Still, despite of the progress that has been made during the recent years with respect to GAM-systems for piercing a skin portion of a patient and for sampling a body fluid, the precise control of the penetration of the piercing or lancing system remains a major challenge. Thus, a very precise control of the lancing action is needed, such as a precise control of the penetration depth, the penetration force and the duration of the lancing movement.
Further, as indicated above, a major challenge resides in the fact that the GAM-systems as described above are rather sensitive to environmental conditions and, therefore, in many cases have to be stored in sealed compartments, such as in the system described by WO 03/088834 A1. Before initiating the lancing motion, these compartment seal barriers have to be opened by some mechanism to avoid contact between the lancing system and the compartment seal barriers. This is necessary since the lancing systems for use in GAM-systems in many cases make use of hydrophilic surfaces in order to collect body fluid. These hydrophilic surfaces, however, may deteriorate and lose part of their hydrophilic properties if they come into contact with the seal barriers. Thus, in many cases, a very complicated actuating mechanism will have to be used, which, on the one hand, allows for opening of the compartments of the test element to be used, and which, on the other hand, allows for a simple initiation of the lancing motion.

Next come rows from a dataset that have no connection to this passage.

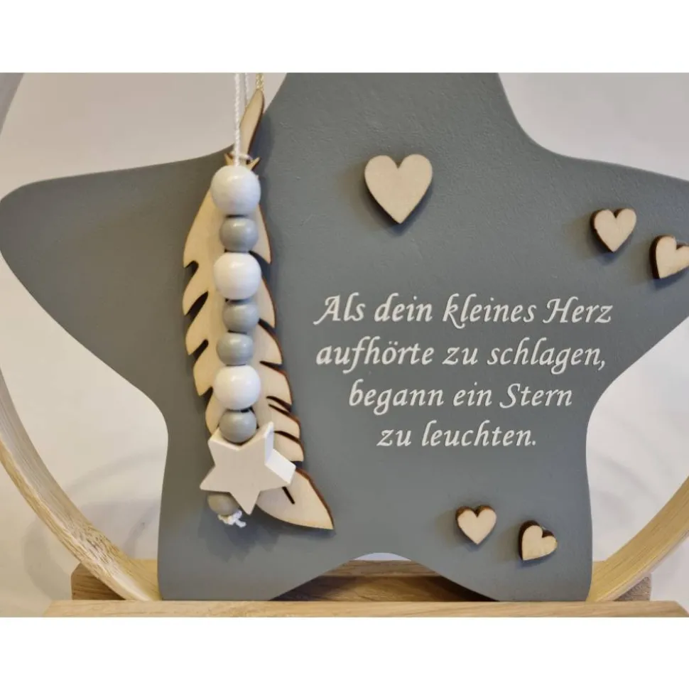 Er eignet sich wunderschön zum Aufstellen an einem besonderen Ort – vielleicht auf einem Regal, wo das Licht darauf fällt, oder an einem Ort, an dem er täglich ein kleines Lächeln schenkt. Der Holzstern kann für jeden, der ihn sieht, eine stille, aber berührende Erinnerung sein – etwas, das für immer Bestand hat und uns daran erinnert, dass diese kleine Seele zwar kurz bei uns war, aber große Spuren hinterlassen hat.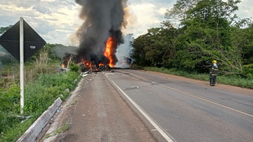 “Colisão entre duas carretas. Uma carregada com diesel s10, que pegou fogo e os bombeiros militares estão em ação para resfriamento e combate às chamas. Vítimas foram conduzidos por terceiros a hospital de Paraíso”, informou o Corpo de Bombeiros.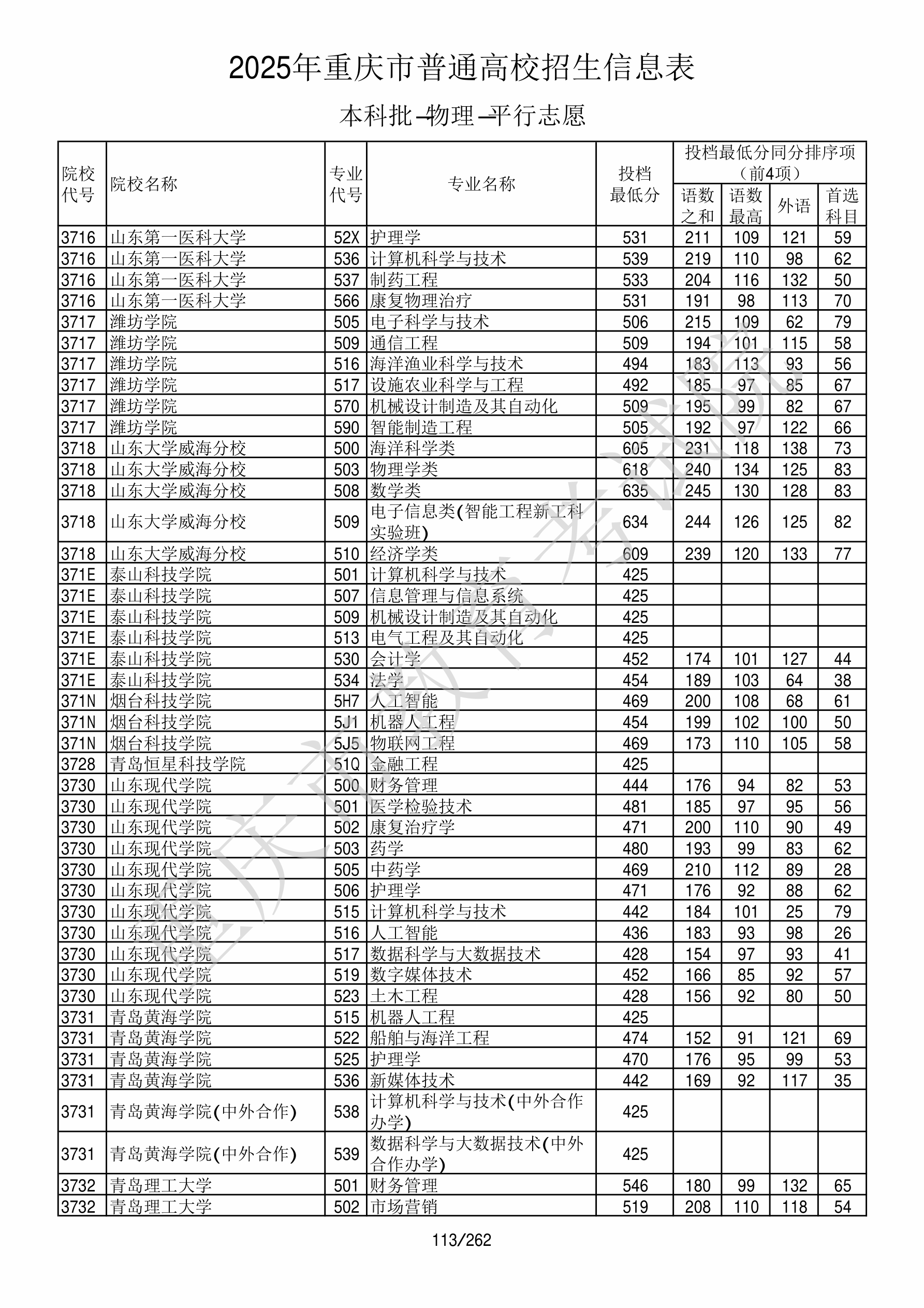 | 院校代码 | 院校名称 | 专业代码 | 专业名称 | 最低分数 | 最低位次 | 专业层次 | 限考科目 | 投档 |

WO 2006/013045 A1 discloses a blood collection system for collecting blood for diagnostic purposes. The system comprises an electric motor, which provides energy for propelling a lancet. The blood collection system also comprises a mechanical energy accumulator, in which the electric energy that is converted by the motor is stored in the form of mechanical energy. WO 2006/013045 A1 further discloses the use of a motor for biasing a spring element. The motor current is monitored in order to monitor the compression status of the spring element, and as soon as the compression of the spring element reaches a defined state, the motor is stopped, and the spring element may be released by a separate action, in order to release the mechanical energy and in order to start the lancing motion.

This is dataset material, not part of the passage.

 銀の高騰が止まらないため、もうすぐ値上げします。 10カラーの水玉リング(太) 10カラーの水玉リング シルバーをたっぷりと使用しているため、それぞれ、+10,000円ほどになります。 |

WO 2007/006399 A1 discloses a lancet device by means of which a lancet can be displaced along a puncturing path in order to create a puncture wound on a skin surface, especially to obtain body fluid for diagnostic purposes. The lancet device comprises a lancet drive with a driving means generating a driving force for a puncturing movement of the lancet along the puncturing path in the direction of the skin surface. The lancet drive is provided with a magnet, with the aid of which a magnetic retaining force can be generated that acts counter to the driving force, as well as triggering means which allow the retaining force to be reduced such that the lancet is accelerated in the direction of the skin surface under the effect of the driving force generated by the driving means.

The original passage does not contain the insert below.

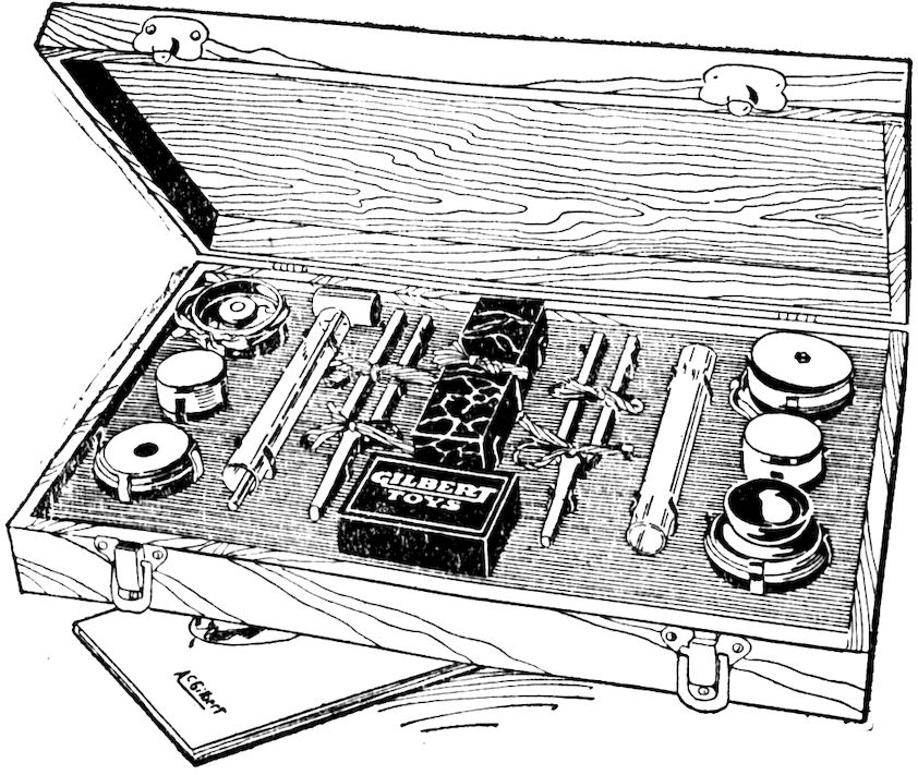 With one of these outfits you can find out just what sound is—how it is produced—why some pianos sound better than others—why a violin produces a musical tone, and many other things, including a number of startling table rapping tricks with which you can astonish your friends. A big book of instructions tells you how to perform every experiment. Get one of these outfits today. The best toy dealer in your town should have it; if not, write us and we’ll tell you where you can get it.

The systems disclosed by WO 2006/013045 A1 and by WO 2007/006399 A1 provide a significant improvement with regard to the control of the lancing motion. Nevertheless, both in the system disclosed by WO 2006/013045 A1 and in the system disclosed in WO 2007/006399 A1, an active triggering mechanism for triggering the lancing motion is required, which in some cases might increase the complexity of the system. Further, a precise control of the penetration depth of the lancing motion remains a challenge.
Therefore, there is a need for a simple and environmentally protected system that allows for a very precise control of the lancing motion of a lancet as well as for a precise depth control of the sampling of body fluid.